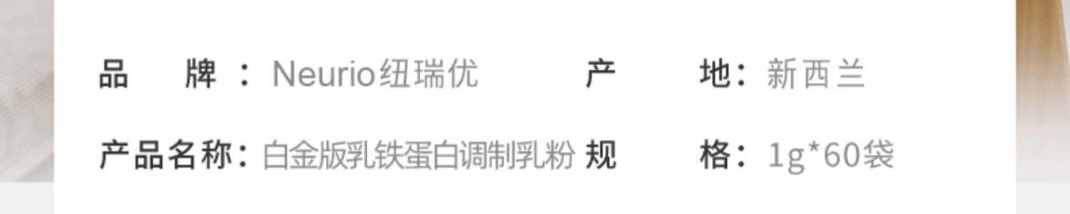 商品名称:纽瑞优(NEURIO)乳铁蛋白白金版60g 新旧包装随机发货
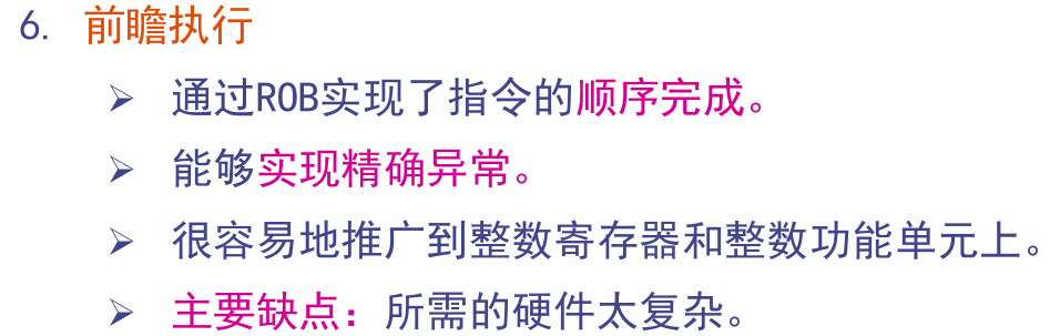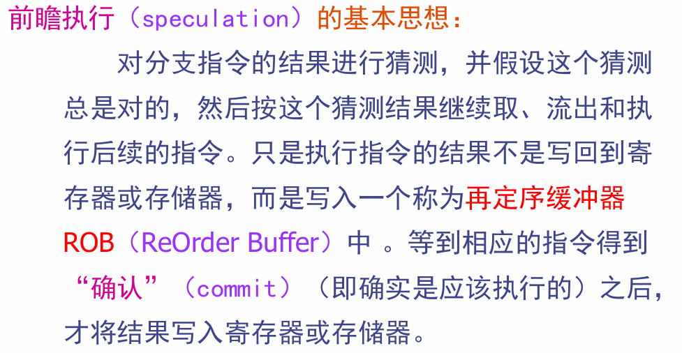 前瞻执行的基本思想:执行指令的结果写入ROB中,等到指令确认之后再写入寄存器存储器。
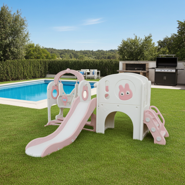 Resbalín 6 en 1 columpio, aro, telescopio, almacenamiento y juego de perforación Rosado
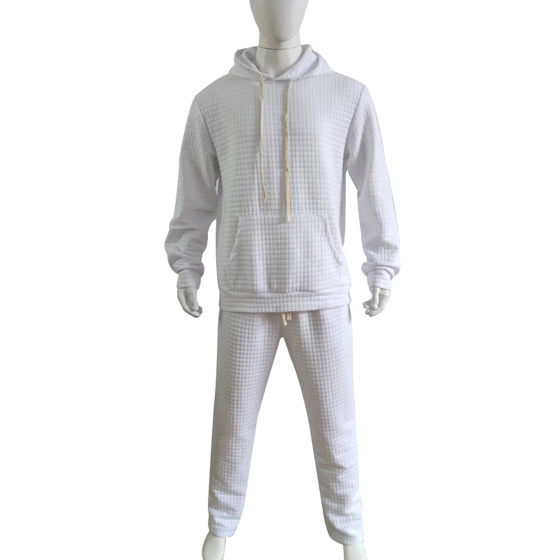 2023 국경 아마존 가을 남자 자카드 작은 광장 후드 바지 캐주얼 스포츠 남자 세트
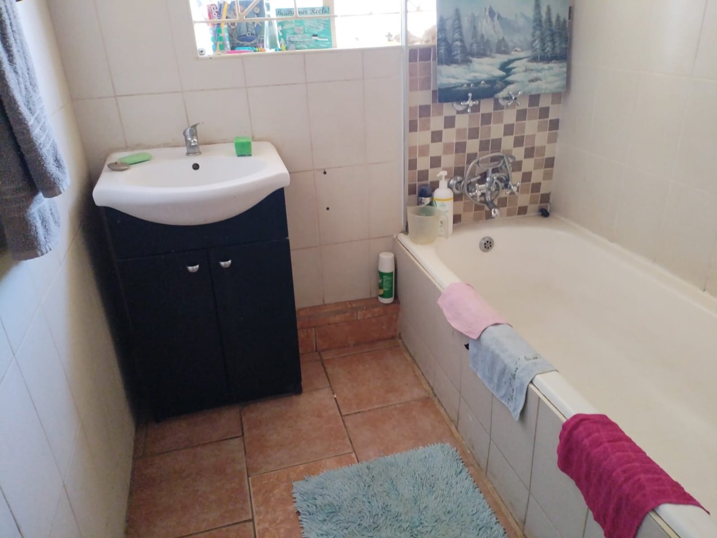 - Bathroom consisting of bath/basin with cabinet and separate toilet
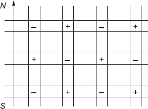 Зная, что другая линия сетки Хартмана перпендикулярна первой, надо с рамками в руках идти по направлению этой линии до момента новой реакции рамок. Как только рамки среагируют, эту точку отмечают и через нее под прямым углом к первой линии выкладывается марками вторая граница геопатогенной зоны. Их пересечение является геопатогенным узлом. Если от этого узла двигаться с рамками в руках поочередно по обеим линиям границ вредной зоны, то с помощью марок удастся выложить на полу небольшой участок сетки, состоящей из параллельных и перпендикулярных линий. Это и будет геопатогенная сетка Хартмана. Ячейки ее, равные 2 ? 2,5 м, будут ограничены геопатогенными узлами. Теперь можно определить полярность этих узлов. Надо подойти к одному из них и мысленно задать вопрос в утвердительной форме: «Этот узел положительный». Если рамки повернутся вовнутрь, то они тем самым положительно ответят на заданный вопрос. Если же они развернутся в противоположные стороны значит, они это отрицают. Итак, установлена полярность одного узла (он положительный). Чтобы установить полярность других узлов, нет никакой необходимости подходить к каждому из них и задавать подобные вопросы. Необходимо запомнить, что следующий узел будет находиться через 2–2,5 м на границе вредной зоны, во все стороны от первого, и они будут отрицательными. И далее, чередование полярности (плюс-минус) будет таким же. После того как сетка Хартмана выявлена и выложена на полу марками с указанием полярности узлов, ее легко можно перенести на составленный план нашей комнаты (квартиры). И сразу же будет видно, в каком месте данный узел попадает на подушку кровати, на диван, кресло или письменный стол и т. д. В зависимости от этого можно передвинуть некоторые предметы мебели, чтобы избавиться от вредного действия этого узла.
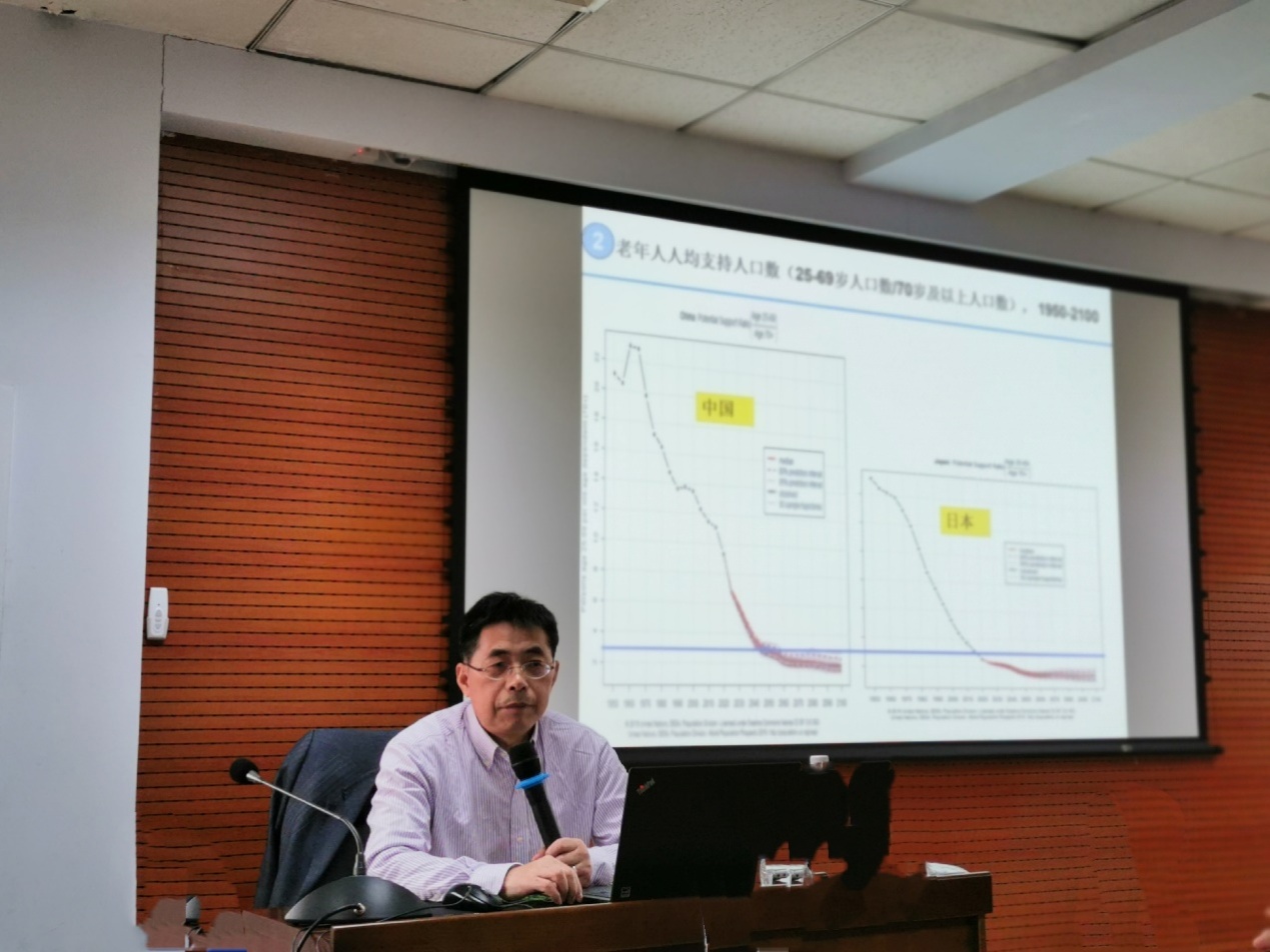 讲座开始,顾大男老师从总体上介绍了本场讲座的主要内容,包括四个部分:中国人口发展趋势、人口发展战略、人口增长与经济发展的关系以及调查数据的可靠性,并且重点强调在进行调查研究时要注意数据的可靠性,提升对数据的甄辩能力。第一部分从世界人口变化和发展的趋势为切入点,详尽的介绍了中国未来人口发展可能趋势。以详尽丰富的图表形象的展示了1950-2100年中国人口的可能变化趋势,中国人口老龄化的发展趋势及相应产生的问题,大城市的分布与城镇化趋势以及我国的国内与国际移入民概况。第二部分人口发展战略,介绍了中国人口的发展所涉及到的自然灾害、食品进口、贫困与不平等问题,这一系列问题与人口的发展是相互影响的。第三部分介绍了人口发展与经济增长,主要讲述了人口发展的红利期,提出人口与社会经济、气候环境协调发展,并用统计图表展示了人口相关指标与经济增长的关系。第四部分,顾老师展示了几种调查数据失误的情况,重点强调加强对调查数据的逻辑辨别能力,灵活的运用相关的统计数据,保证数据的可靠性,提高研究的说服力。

□ □ □ □

Directions for this task:
Your response must restate every record above exactly, with each picture omitted.

Output of the task:
 商品名称:纽瑞优(NEURIO)乳铁蛋白白金版60g 新旧包装随机发货
 前瞻执行的基本思想:执行指令的结果写入ROB中,等到指令确认之后再写入寄存器存储器。
 Resbalín 6 en 1 columpio, aro, telescopio, almacenamiento y juego de perforación Rosado
 2023 국경 아마존 가을 남자 자카드 작은 광장 후드 바지 캐주얼 스포츠 남자 세트
 - Bathroom consisting of bath/basin with cabinet and separate toilet
 Зная, что другая линия сетки Хартмана перпендикулярна первой, надо с рамками в руках идти по направлению этой линии до момента новой реакции рамок. Как только рамки среагируют, эту точку отмечают и через нее под прямым углом к первой линии выкладывается марками вторая граница геопатогенной зоны. Их пересечение является геопатогенным узлом. Если от этого узла двигаться с рамками в руках поочередно по обеим линиям границ вредной зоны, то с помощью марок удастся выложить на полу небольшой участок сетки, состоящей из параллельных и перпендикулярных линий. Это и будет геопатогенная сетка Хартмана. Ячейки ее, равные 2 ? 2,5 м, будут ограничены геопатогенными узлами. Теперь можно определить полярность этих узлов. Надо подойти к одному из них и мысленно задать вопрос в утвердительной форме: «Этот узел положительный». Если рамки повернутся вовнутрь, то они тем самым положительно ответят на заданный вопрос. Если же они развернутся в противоположные стороны значит, они это отрицают. Итак, установлена полярность одного узла (он положительный). Чтобы установить полярность других узлов, нет никакой необходимости подходить к каждому из них и задавать подобные вопросы. Необходимо запомнить, что следующий узел будет находиться через 2–2,5 м на границе вредной зоны, во все стороны от первого, и они будут отрицательными. И далее, чередование полярности (плюс-минус) будет таким же. После того как сетка Хартмана выявлена и выложена на полу марками с указанием полярности узлов, ее легко можно перенести на составленный план нашей комнаты (квартиры). И сразу же будет видно, в каком месте данный узел попадает на подушку кровати, на диван, кресло или письменный стол и т. д. В зависимости от этого можно передвинуть некоторые предметы мебели, чтобы избавиться от вредного действия этого узла.
 讲座开始,顾大男老师从总体上介绍了本场讲座的主要内容,包括四个部分:中国人口发展趋势、人口发展战略、人口增长与经济发展的关系以及调查数据的可靠性,并且重点强调在进行调查研究时要注意数据的可靠性,提升对数据的甄辩能力。第一部分从世界人口变化和发展的趋势为切入点,详尽的介绍了中国未来人口发展可能趋势。以详尽丰富的图表形象的展示了1950-2100年中国人口的可能变化趋势,中国人口老龄化的发展趋势及相应产生的问题,大城市的分布与城镇化趋势以及我国的国内与国际移入民概况。第二部分人口发展战略,介绍了中国人口的发展所涉及到的自然灾害、食品进口、贫困与不平等问题,这一系列问题与人口的发展是相互影响的。第三部分介绍了人口发展与经济增长,主要讲述了人口发展的红利期,提出人口与社会经济、气候环境协调发展,并用统计图表展示了人口相关指标与经济增长的关系。第四部分,顾老师展示了几种调查数据失误的情况,重点强调加强对调查数据的逻辑辨别能力,灵活的运用相关的统计数据,保证数据的可靠性,提高研究的说服力。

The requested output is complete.